The track was recorded at Trident Studios, London, and the piano on the record was performed by either Rick Wakeman or Blue Weaver. Mark Paytress notes that both pianists may have played separate parts on the song, with Wakeman contributing only the piano glissandos that feature several times throughout the song. Wakeman, who was desperate for work at the time to pay his rent, had bumped into Bolan in Oxford Street, who offered him the session. Wakeman pointed out to Tony Visconti that the record did not actually need a piano player. Visconti suggested that he could add a gliss. Wakeman said that Visconti could do that, to which Bolan replied, "You want your rent, don't you?"  Wakeman did, and earned £9 for his efforts.

Saxophones were played by Ian McDonald of King Crimson. Producer Visconti later recalled: "He played all the saxes, one baritone and two altos. I kept the baritone separate but bounced the altos to one track. I bounced the backup vocals to two tracks, making an interesting stereo image." Mark Volman and Howard Kaylan (formerly The Turtles) provided back up vocals.

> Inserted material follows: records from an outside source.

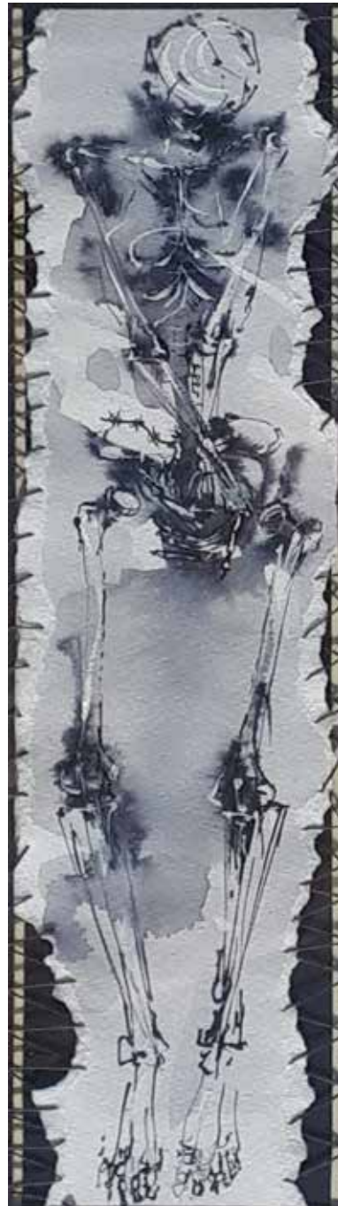
Fosszília / Fossil

1999 vegyes technika, papír / Mischtechnik auf Papier 33 × 8 cm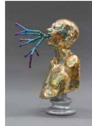
3 RICHARD ŠTÍPL: In the beginning was the Word , 2018, objekt – drevo, hliník, živica, plátkové zlato, metalická farba, 40 x 20 x 19 cm, majetok autora, foto: Josef Zlamal

„Inverzné postupy v súčasnej vizuálnej kultúre, (...) majú schopnosť vymedzovať sa a obhajovať svojbytný autorský priestor na slobodnú tvorbu i v nehostinnom prostredí.“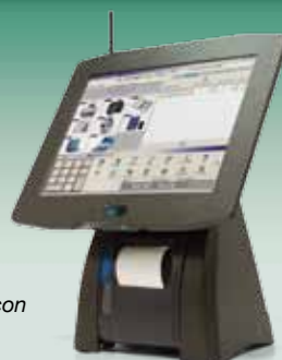
Terminal táctil ICG con impresora integrada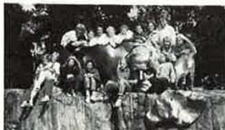
Jentekoret i Bryn på tur til Finland sommeren 1990.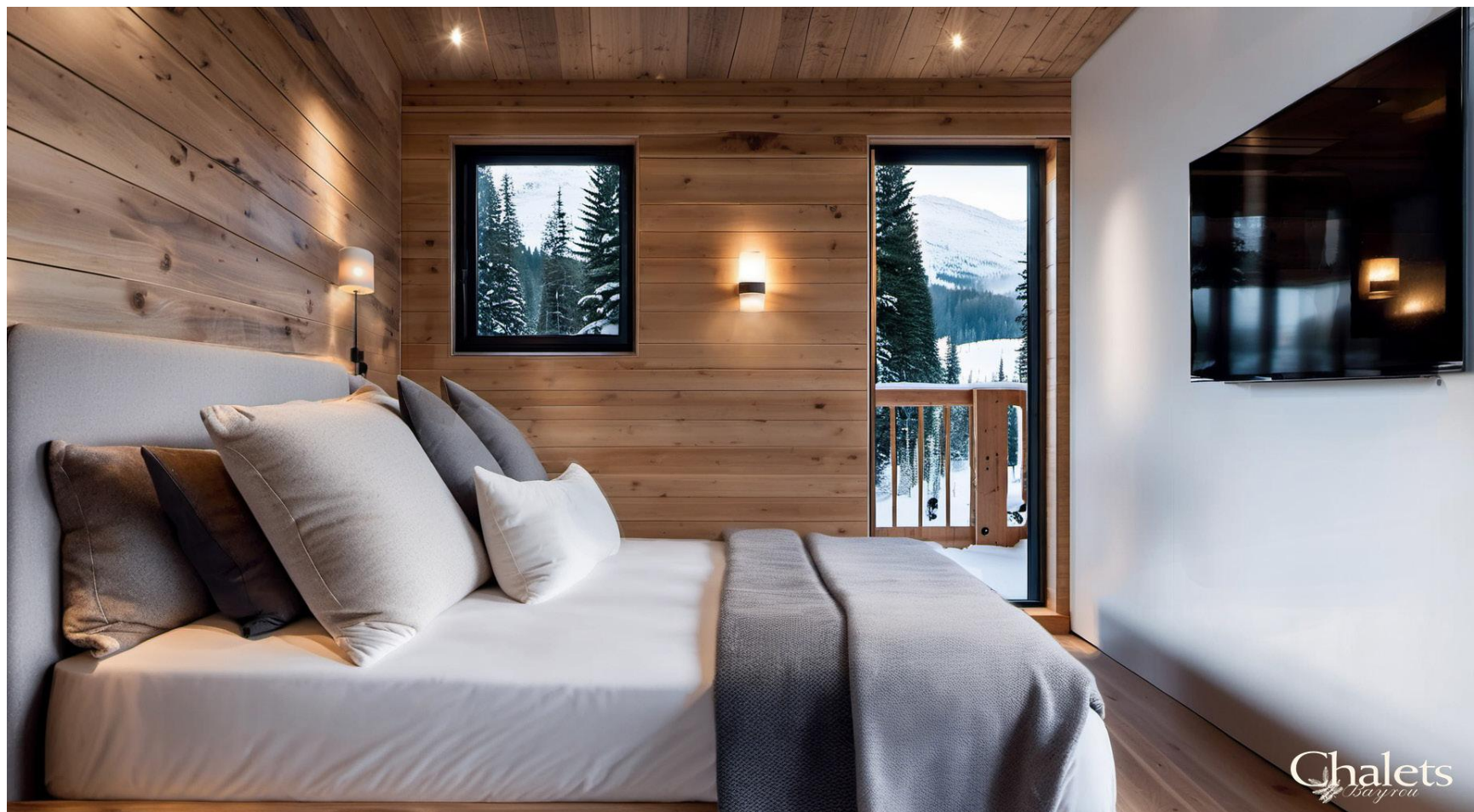
Chambre / Bedroom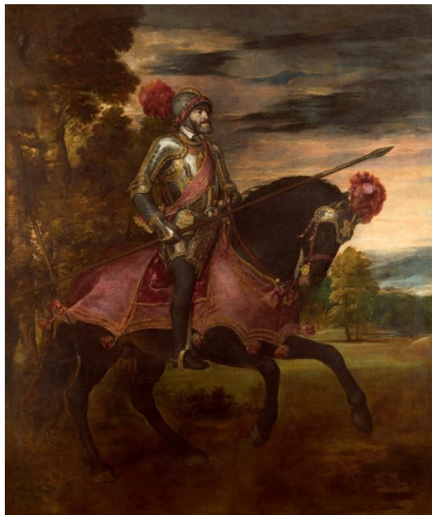
Carlos V na batalla de Mülberg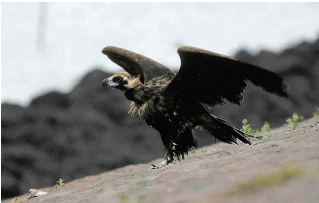
149 Monniksgier / Eurasian Black Vulture Aegypius monachus , onvolwassen, Den Oever, Noord-Holland, 26 juli 2000 ( René Pop )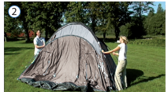
② TELTET BØR REJSES AF MINDST 2 PERSONER THIS TENT SHOULD BE ERECTED BY AT LEAST 2 PERSONS DIESES ZELT SOLLTE WENN MÖGLICH VON 2 PERSONEN AUFGESTELLT WERDEN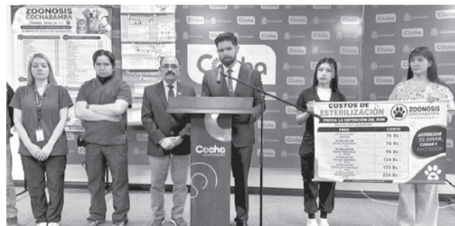
Salud y Zoonosis presentan el SUM, ayer.

Bienestar. Las atenciones tendrán un costo social y los ingresos se destinarán al sostenimiento de los animales rescatados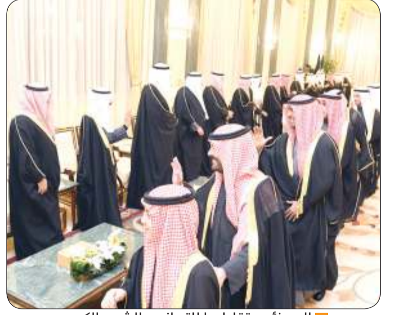
المهنتون تقاطروا للتهاني بالشهر الكريم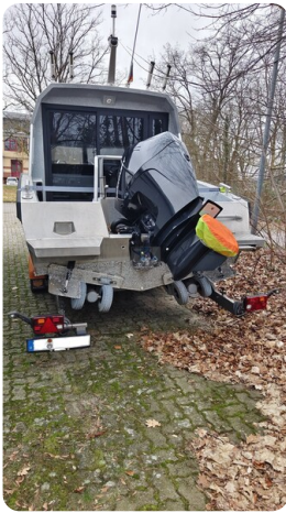
Voyager 700 Cabin_12a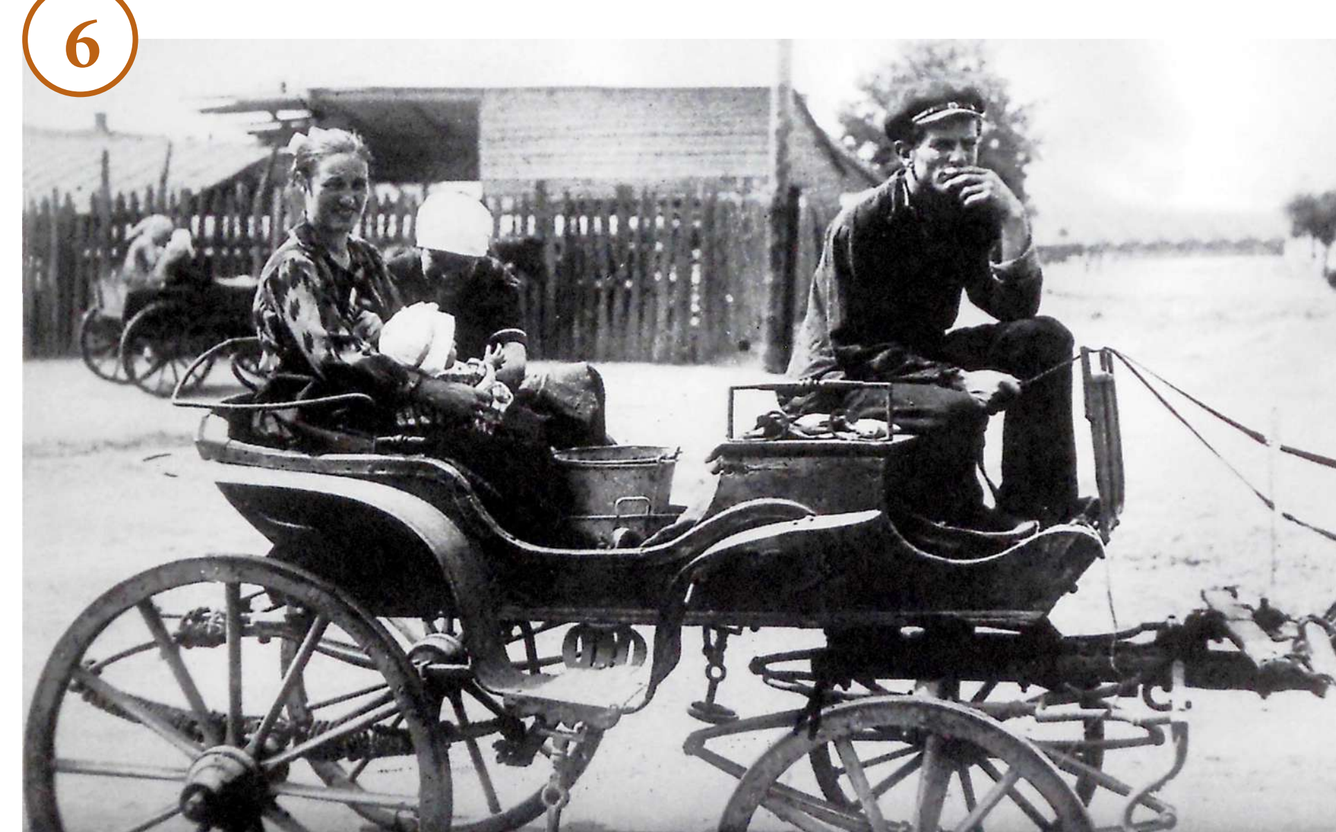
Mennonitischer leichter gefederter Wagen „Droschke“. Anfang 20. Jh. Kam häufig in Kolonisten-Wirtschaften vor. Wurde in viele Kolonien gebaut. Während des Bürgerkrieges wurde der Wagen „Tatschanka“ von den Machno-Anhängern genutzt.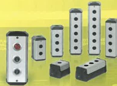
플라스틱 단자 박스 / 컨트롤 박스 / 턴라이트 (Plastic Box Series/ Control Box Series / Turn Light)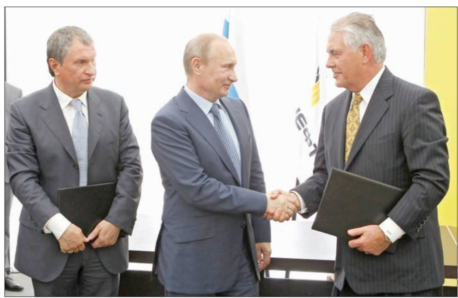
الرئيس الروسي فلاديمير بوتين مصافحاً وزير الخارجية الأميركي الحالي ريكس تيلرسون في 2012

هناك من تأثير يذكر على أي من أنشطتنا التجارية في روسيا حتى ملحوظ على العلاقات. والشركات تواصل العمل سوياً كالمعتاد». ولقد اختار الرئيس ترمب تيلرسون في منصب وزير الخارجية أول الأمر، حتى برغم وجود تاريخ من علاقات العمل سوياً من قبل. وخضع تيلرسون للتدقيق من قبل المشرعين في كلا الحزبين بسبب علاقاته الوثيقة ببوتين وعلاقات الأعمال السابقة في روسيا، بيد أنه حصل على التأييد القانوني لمنصبه الوزاري بتصويت يتراوح بين 56 و43 صوتاً. وفي عام 2013، فاز تيلرسون بجائزة من الحكومة الروسية تحمل اسم «جائزة الصداقة» بعد التوقيع على الصفقات مع شركة روزنيفت والتي بدأ بموجبه برنامج الحفر في بحر كارا في القطب الشمالي.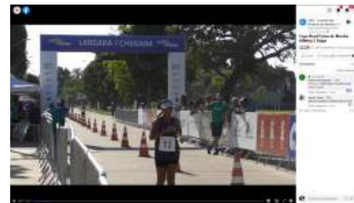
CBI ATLETISMO MARCHA ATLÉTICA 2020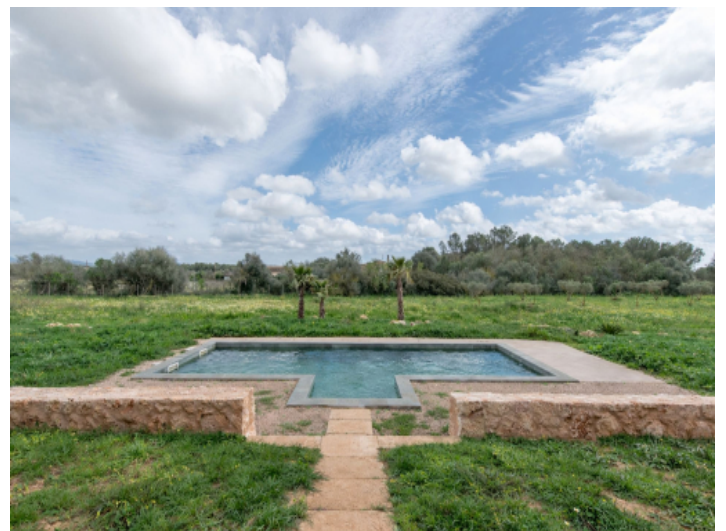
Pool mit Weitblick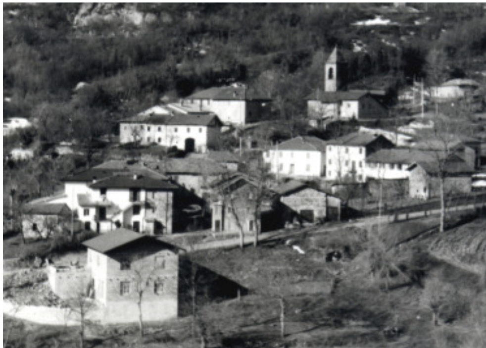
Una veduta panoramica del paese di Ceda

es raduna el popolasc pr'anch'o gh'fascia la grasia santa la via ch'la pasa ben distante e che quell dala palina en-t-el nostre o ne sconfina. Po' tè fulmina col sindich del Prà ch'on vala gnan un butalà e vòj ciapal pr'el barbosal e tiral giù pr'el canal. Fortunada me' sorela che la pasa ala Borela tuta drita, tuta sana e mè chì en-t-una frana; con el pont ed Migliola con 'na gamba che ghe scrola e po' gh'ò sor el lagh di Lamon ch'o gh'à sempre el cagaron!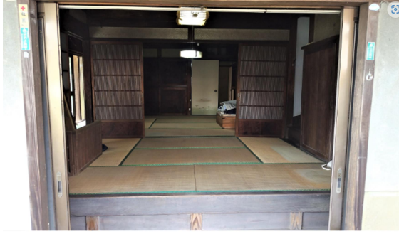
旧相川家土間から店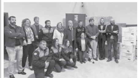
Entrega del material. VIVA

Además, se está planteando la idea de poder hacer llegar también este material a las residencias de mayores. “La inmunidad de rebaño parece que ya está adquirida, pero tenemos que seguir adoptando medidas preventivas para evitar contagios, no solo de la Covid, sino de cualquier otro virus o enfermedad contagiosa”, explicó la responsable.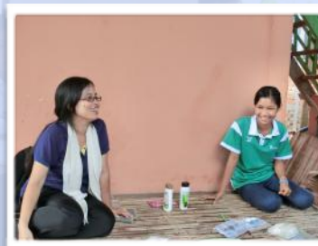
生活についてインタビューをしている様子

「私の家は、8人家族で、私は5人姉妹の3番目です。アルバイトはしていませんが、来年度から高校に通うつもりです。姉二人も高校まで出ており、一人は高校卒業後は服飾系の専門学校に通う予定です。飛び級で同じ学年の妹も、新学期からは同じ高校に通う予定です。父はアンコールトム内のお寺でお坊さんをしており、母は小学校で売店を出しながら米焼酎を作って売っています。生活で使用しているのは、井戸水です。家にある井戸から汲んだ水は、鉄のにおいがするため、水浴びや洗濯に使っています。料理に使う水や飲み水は、近所のアンコールクラウ小学校にある井戸から汲んできたものを使っています。こちらの水の方が浄化してあるためきれいで、安心して飲めるからです。将来の夢は、中学校の数学の先生になることです。」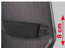
Höhenverstellbare Lumbalstütze (8 cm), gepolstert mit schwarzem Bezugsstoff ( Code 06 )

Three-position seat-tilt adjustment (-3°/6°/0°), optionally for Syncro®-Tension ( code 10 )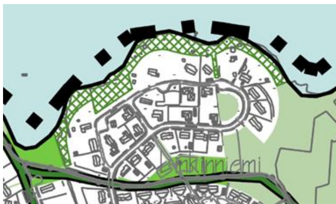
Kuva 6 Ote viheraluejärjestelmästä.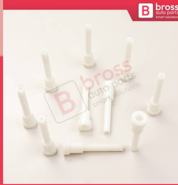
BCP046 BCP046 Kablo ucu Pipo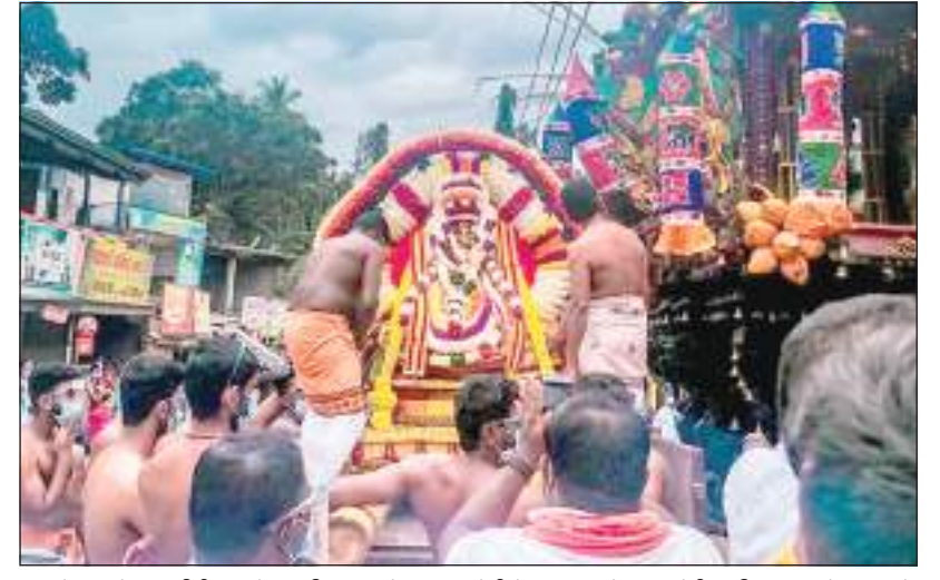
ஊர்த்தோட்டை பிரி எல்வ விநாயகர் ஆலயத்தின் வருடாந்த தேர்திருவிழா நேற்று முன்தினம் நடைபெற்ற போது எடுக்கப்பட்ட படம்.

நல்லாட்சி அரசாங்கத்தால் உட்கட்டமைப்பு வசதிகள் ஏற்படுத்திக்கொடுக்கப்படவில்லை. இன்றளவிலும் அம்மக்கள் பல்வேறு இன்னல்களுக்கு மத்தியிலேயே வாழ்கின்றனர். எனவே, இராஜாங்க அமைச்சர் ஜீவன் தொண்டமான் தமக்கு தீர்வை பெற்றுக்கொடுக்க வேண்டும் என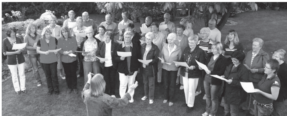
Der Kirchenchor wurde in diesem Jahr 80 Jahre alt (siehe auch Seite 21).

Ein fotografischer Rückblick auf das Jahr 2011

During a December 1971 Top of the Pops performance, Elton John mimed a piano on the song. This performance is usually the video clip for the song which has aired on various music-video outlets such as VH1 Classic.

Track listing
US: Reprise / 1032
UK: Fly Records / BUG 10
Germany: Ariola / 10 327 AT
Denmark: Stateside / 6E 006-92700
France: Columbia / CBS 7393 (without "There Was a Time")

 "Get It On" (Marc Bolan) – 4:25
 "There Was a Time" (Marc Bolan) – 1:00
 "Raw Ramp" (Marc Bolan) – 4:14

Personnel

T. Rex 
Marc Bolan – lead vocals, guitar
Rick Wakeman – piano, hammond organ 
Ian McDonald – baritone and alto saxophones
Steve Currie – bass
Bill Legend – drums, tambourine
Mark Volman, Howard Kaylan – backing vocals

Chart performance
It spent four weeks at the top in the UK, starting 24 July 1971 ("Hot Love" was number one for six weeks from March to May), and it was the group's biggest hit overall, with Bolan claiming that it sold a million. It peaked on the US Billboard Hot 100 chart at #10 and at #12 in the Cash Box Top 100 in March 1972, becoming the band's only major US hit. The song reached No. 12 in Canada in March 1972.

Weekly charts

Year-end charts

Certifications

The Power Station version

"Get It On" was covered by the Power Station in 1985. Their version – referred to as "Get It On (Bang a Gong)" in the US – was released as their second single from their debut album. The track was a strong hit on the US Billboard Hot 100 chart, where the single peaked at number nine (one place higher than the original) in the summer of 1985. Meanwhile, in the UK, the song reached number 22 on the UK Singles Chart. When Robert Palmer heard that the other Power Station members had recorded demos of the song, he asked to try out vocals for it. Before long, the band had decided to record the entire album with Palmer. This single, along with "Some Like It Hot", became The Power Station's signature songs.

On 13 July 1985, the Power Station (as well as Duran Duran), had a participation at Live Aid, on the Philadelphia concert, in which the band performed the song, this time with the British singer Michael Des Barres on vocals.

The female dancer featured in the video is American dancer/singer-songwriter Sara Carlson.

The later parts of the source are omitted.